Sans Superellipse Tybo 2 is a very bold, very narrow, low contrast, upright, tall x-height font visually similar to 'Swiss 924' by Bitstream, 'Dharma Gothic' and 'Dharma Gothic Rounded' by Dharma Type, 'Cyclone' and 'Tungsten' by Hoefler & Co., and 'Smart Sans' by Monotype (names referenced only for comparison).
Keywords: posters, headlines, branding, packaging, signage, industrial, authoritative, theatrical, rugged, enigmatic, stencil effect, high impact, headline display, strong texture, brand stamp, blocky, compressed, dense, geometric, posterlike.

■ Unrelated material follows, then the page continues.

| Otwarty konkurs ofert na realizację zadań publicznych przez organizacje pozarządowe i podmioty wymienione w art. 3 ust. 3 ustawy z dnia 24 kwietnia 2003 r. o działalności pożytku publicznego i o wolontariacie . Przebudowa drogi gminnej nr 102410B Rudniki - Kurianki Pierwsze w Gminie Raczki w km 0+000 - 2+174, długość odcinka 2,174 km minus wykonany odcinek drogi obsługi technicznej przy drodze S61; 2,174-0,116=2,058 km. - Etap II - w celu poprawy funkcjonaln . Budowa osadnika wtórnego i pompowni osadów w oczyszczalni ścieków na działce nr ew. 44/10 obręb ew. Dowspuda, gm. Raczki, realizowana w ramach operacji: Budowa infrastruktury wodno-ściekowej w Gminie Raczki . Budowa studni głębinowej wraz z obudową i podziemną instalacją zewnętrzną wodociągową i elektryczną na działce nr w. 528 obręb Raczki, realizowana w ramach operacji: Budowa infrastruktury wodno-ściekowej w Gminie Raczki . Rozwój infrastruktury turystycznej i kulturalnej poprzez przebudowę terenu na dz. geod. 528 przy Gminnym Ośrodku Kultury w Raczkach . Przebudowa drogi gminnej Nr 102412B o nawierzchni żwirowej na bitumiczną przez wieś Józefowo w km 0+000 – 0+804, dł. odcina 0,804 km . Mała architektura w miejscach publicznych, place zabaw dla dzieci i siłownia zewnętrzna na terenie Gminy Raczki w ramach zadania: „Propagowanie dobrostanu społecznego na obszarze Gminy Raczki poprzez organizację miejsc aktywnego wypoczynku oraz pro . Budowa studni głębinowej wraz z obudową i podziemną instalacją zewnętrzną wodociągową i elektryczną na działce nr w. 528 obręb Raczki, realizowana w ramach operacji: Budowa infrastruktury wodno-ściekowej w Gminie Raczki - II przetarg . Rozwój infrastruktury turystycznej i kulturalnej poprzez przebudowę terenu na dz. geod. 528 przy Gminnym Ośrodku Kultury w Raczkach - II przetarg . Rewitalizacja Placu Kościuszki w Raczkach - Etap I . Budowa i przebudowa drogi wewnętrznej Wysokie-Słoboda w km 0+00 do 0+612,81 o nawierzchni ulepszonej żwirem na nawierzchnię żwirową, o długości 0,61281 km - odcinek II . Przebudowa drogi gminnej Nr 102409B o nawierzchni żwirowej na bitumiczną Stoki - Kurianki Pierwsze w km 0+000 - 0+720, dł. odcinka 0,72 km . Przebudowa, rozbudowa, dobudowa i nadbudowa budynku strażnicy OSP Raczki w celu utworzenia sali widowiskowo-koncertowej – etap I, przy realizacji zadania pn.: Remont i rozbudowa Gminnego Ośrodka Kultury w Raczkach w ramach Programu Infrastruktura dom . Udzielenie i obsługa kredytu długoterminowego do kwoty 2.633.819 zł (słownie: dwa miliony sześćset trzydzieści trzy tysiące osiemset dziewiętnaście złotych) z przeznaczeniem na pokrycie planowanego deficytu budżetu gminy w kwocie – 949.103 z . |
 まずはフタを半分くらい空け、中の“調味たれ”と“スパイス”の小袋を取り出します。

The design is a tall, condensed sans with heavy, low-contrast strokes and compact apertures. Many letters feature a consistent vertical split that creates a stencil-like interruption through the counters and bowls, producing a striped rhythm across words. Curves are rounded and blocky rather than calligraphic, and terminals tend to look blunt and squared-off. Overall spacing feels tight and the texture is dense, yielding strong visual impact at display sizes.
Best suited for headlines, posters, album or event graphics, packaging, and branding where a bold, compressed wordmark is needed. It can work well for short UI labels or signage when set large and with ample tracking, but the internal splits and tight counters make it less comfortable for long-form text at small sizes.

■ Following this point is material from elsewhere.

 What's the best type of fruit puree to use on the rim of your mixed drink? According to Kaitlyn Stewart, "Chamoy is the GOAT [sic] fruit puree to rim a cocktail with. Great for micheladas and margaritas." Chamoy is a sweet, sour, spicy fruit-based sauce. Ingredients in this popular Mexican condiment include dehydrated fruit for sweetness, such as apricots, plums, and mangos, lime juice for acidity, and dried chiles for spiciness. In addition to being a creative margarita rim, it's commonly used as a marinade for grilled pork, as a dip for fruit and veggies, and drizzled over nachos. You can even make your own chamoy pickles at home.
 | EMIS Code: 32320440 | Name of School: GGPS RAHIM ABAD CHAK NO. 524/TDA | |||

This font projects a loud, assertive voice with a theatrical edge. Its tight, upright stance and heavy presence feel industrial and poster-like, while the repeated vertical cuts introduce a coded, stenciled attitude that reads as tough and slightly enigmatic.

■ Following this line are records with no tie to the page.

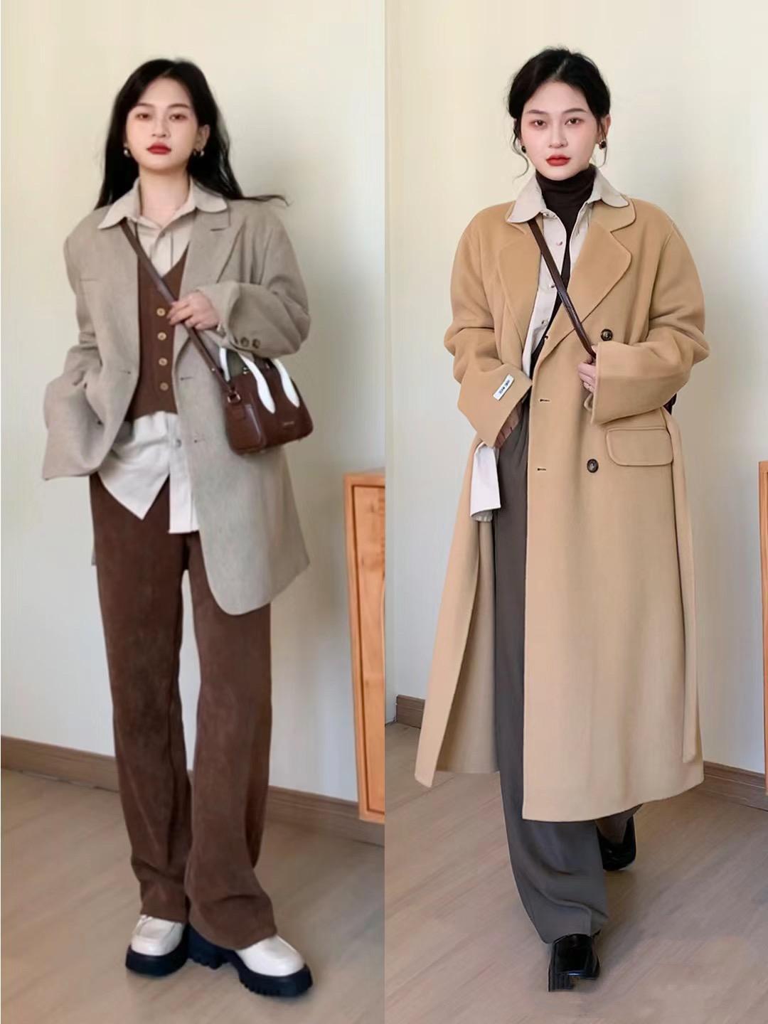如果覺得長款大衣有一種盛氣凌人的感覺,我們可以選擇稍微日常一點的毛呢西服外套。厚重一點的毛呢西服外套,穿起來優雅又體面。
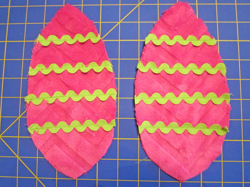 - Cut four lengths of rick rack to fit across both wedges (approximately 14″, but measure on your placement lines to insure the length is correct) .
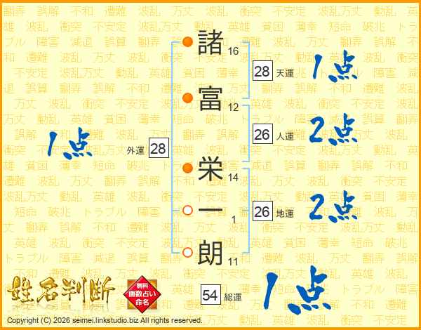 諸(16画)富(12画) 栄(14画)一(1画)朗(11画)
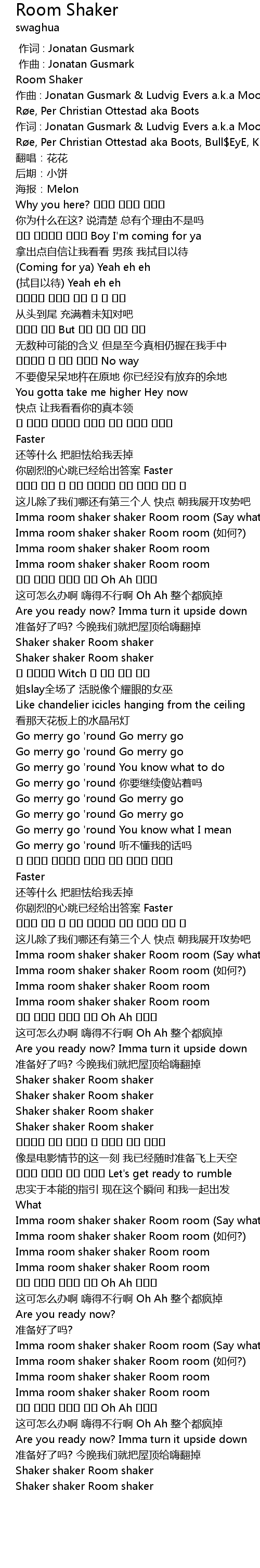 | [02:45.798] | Imma room shaker shaker Room room ru he? |
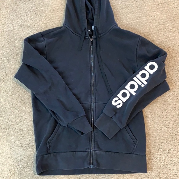 Adidas zip up hoodie sweatshirt. Pre-loved slightly faded but other than that no holes. No trades or modeling please!
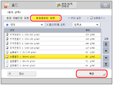 등록된 날짜([등록순]), 이름([명칭순]) 또는 기본 무게([평량순])에 의해 용지 종류 리스트를 정렬할 수 있습니다. |
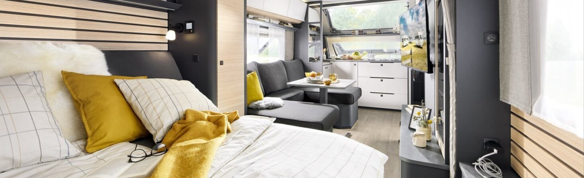 Groot, groter, gigantisch: met tot wel 20 m² is de MAXIA net een vakantieappartement op wielen. Eenpersoonsbedden of vrijstaand queensbed: in deze luxe caravan blijft geen wens onvervuld. Royale wasruimten en qua kleur op elkaar afgestemde woon- en slaapgedeelten maken de premiumcaravan perfect.

The likely intention is a high-impact display face that stays legible under heavy weight by using simplified, blocky forms and a recurring vertical break. The split details create a distinctive texture that differentiates the type in logos and headlines, evoking stamped or cut-letter construction without becoming overly decorative.
The stencil-like vertical interruption is applied broadly across uppercase, lowercase, and numerals, creating a consistent “barred” texture line-to-line. Numerals and capitals maintain the same condensed, heavy stance, supporting strong, uniform blocks of type in display settings.